- **Directions for this task**
Which lines in the records below hold the word "with"? Copy each of them.

- **Records drawn from a dataset**
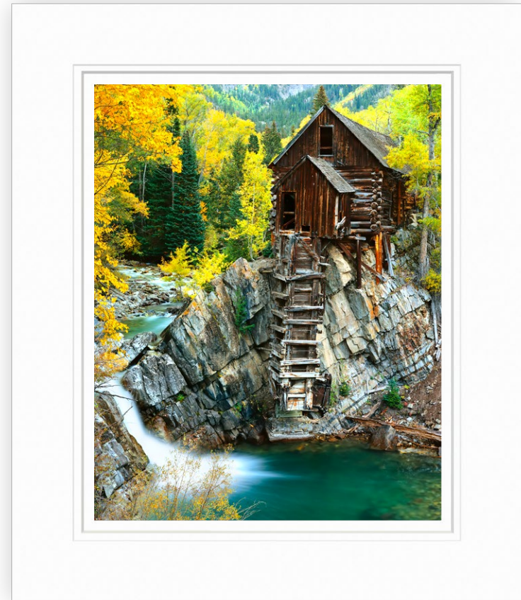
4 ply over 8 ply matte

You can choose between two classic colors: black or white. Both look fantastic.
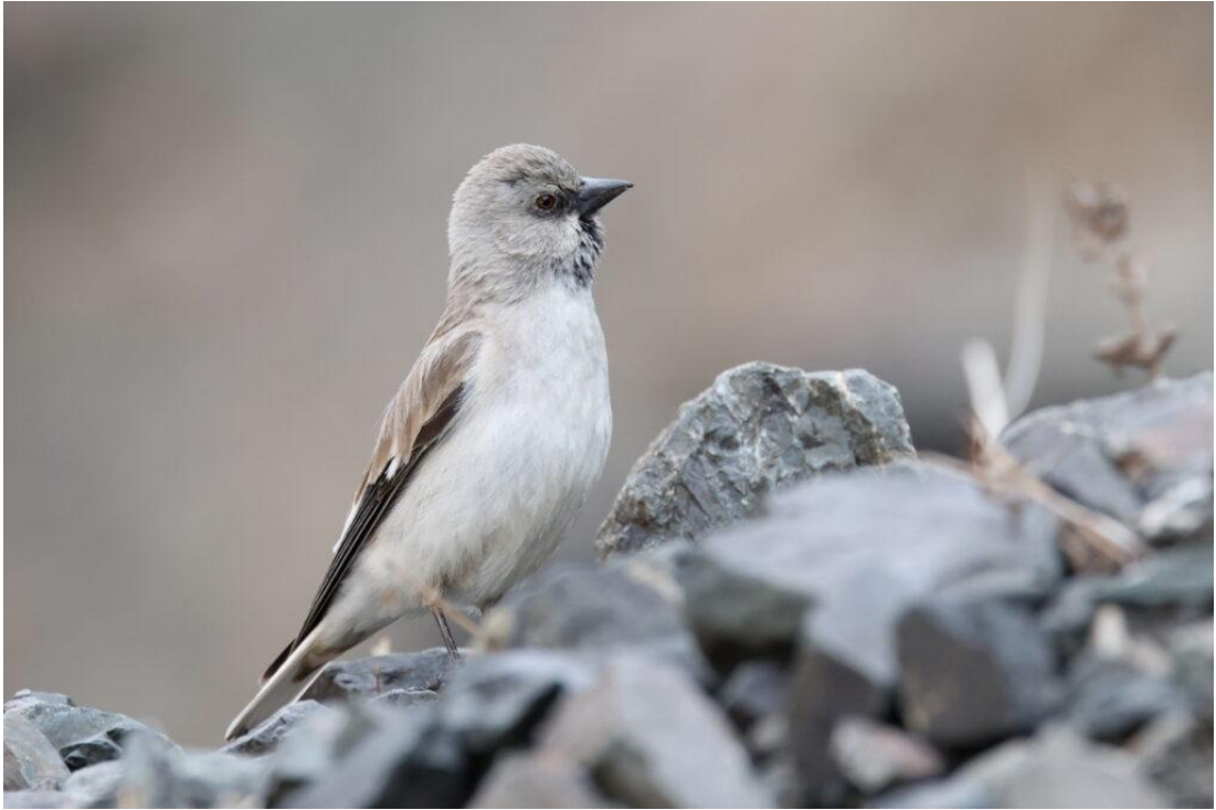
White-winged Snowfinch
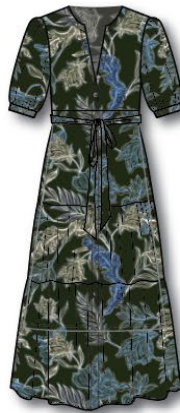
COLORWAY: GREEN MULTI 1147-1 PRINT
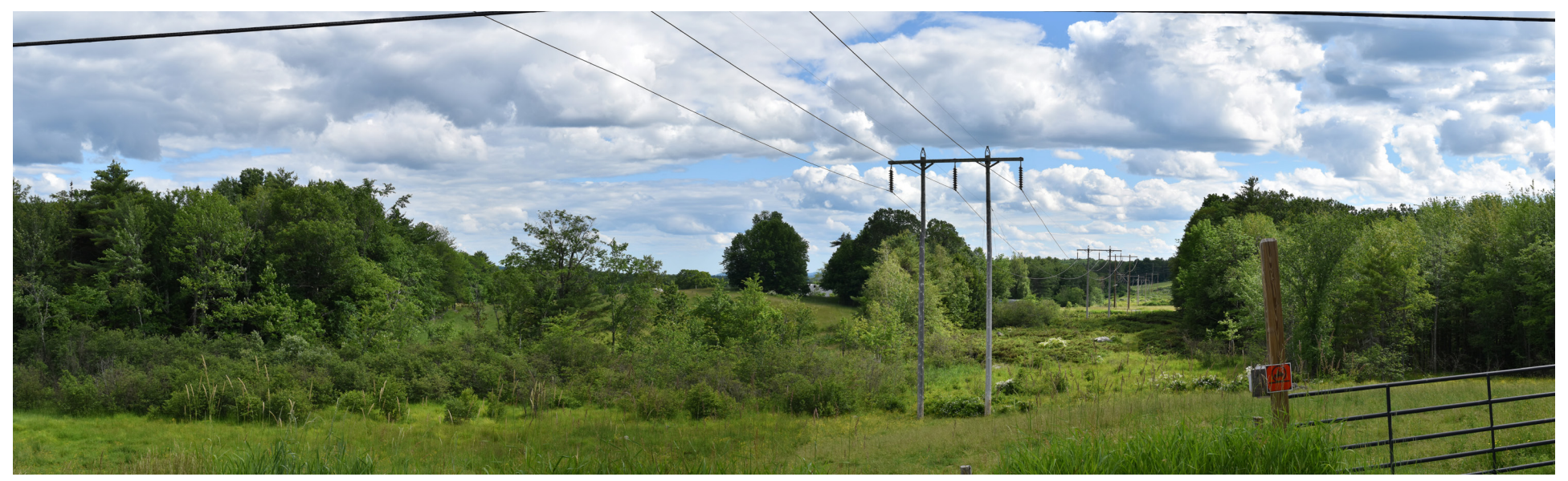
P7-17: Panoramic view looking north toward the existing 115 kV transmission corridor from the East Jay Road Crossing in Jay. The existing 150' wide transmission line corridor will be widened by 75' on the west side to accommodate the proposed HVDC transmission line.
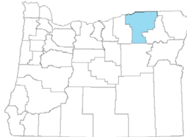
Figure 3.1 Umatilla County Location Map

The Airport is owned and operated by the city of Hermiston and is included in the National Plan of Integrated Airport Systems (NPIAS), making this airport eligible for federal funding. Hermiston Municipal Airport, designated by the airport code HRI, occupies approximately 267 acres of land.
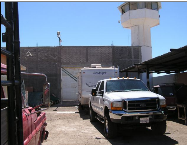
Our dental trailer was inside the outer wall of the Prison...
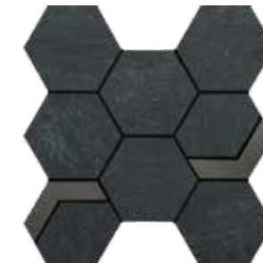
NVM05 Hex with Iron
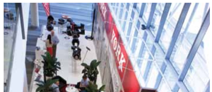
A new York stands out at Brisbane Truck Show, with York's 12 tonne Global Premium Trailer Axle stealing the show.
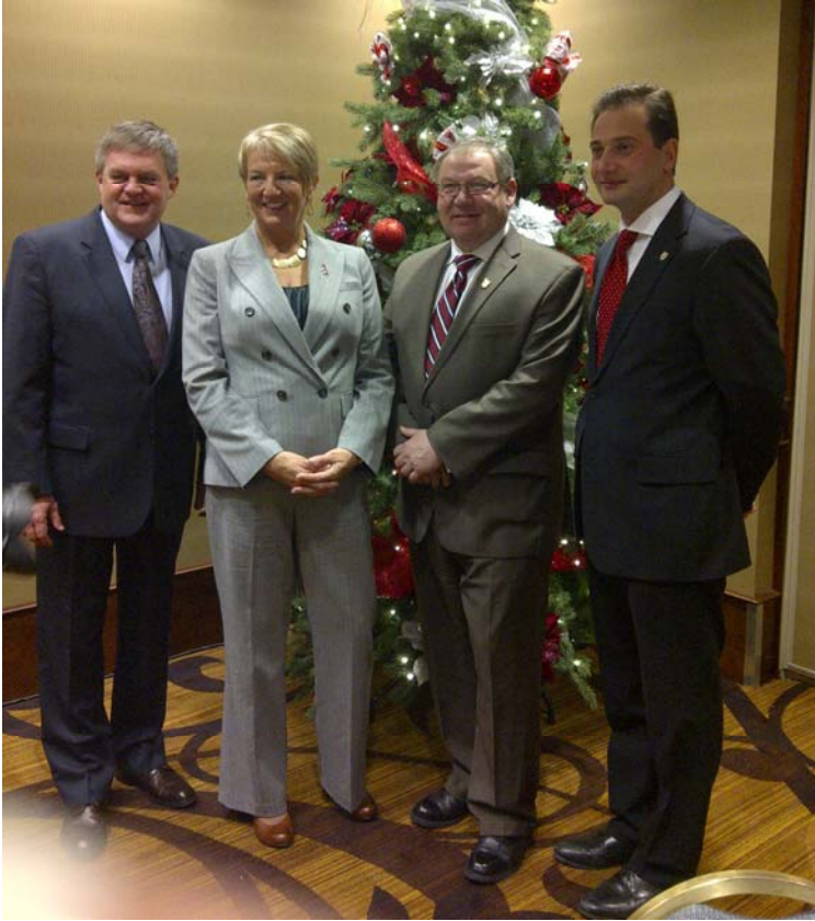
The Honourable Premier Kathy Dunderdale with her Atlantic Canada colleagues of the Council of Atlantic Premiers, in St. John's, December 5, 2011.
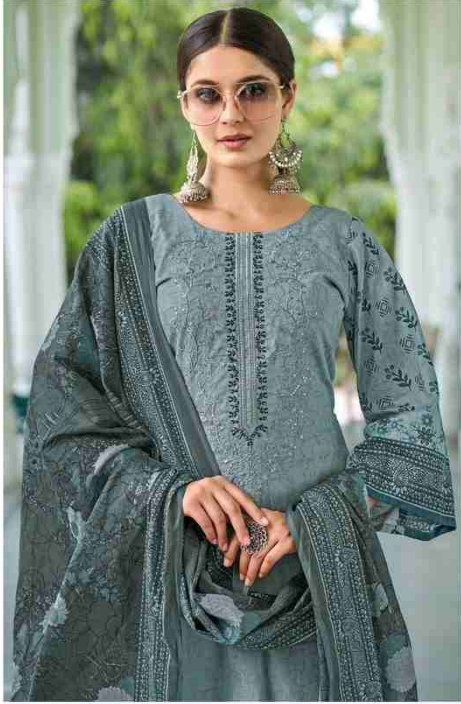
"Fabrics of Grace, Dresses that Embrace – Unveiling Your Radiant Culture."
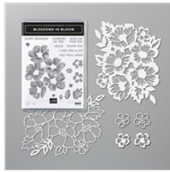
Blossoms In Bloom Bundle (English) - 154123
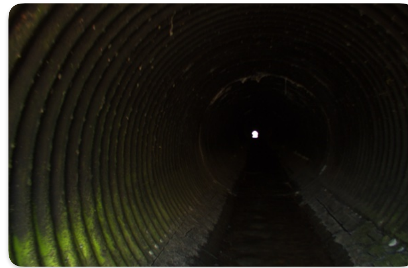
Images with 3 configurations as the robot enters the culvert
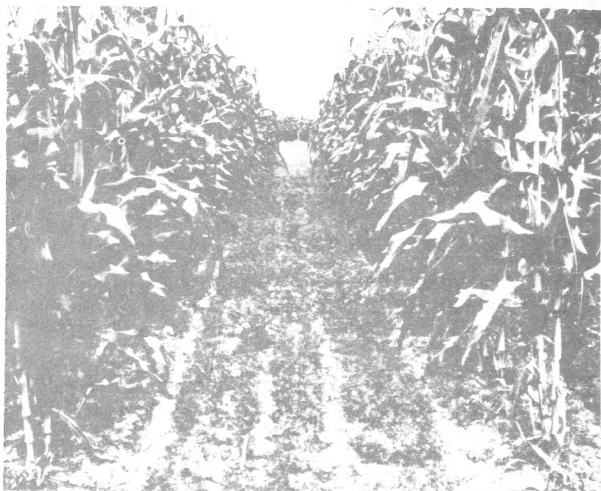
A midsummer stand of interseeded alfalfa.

- **Exercise solution**
NVM05 Hex with Iron
A new York stands out at Brisbane Truck Show, with York's 12 tonne Global Premium Trailer Axle stealing the show.
The Honourable Premier Kathy Dunderdale with her Atlantic Canada colleagues of the Council of Atlantic Premiers, in St. John's, December 5, 2011.
Images with 3 configurations as the robot enters the culvert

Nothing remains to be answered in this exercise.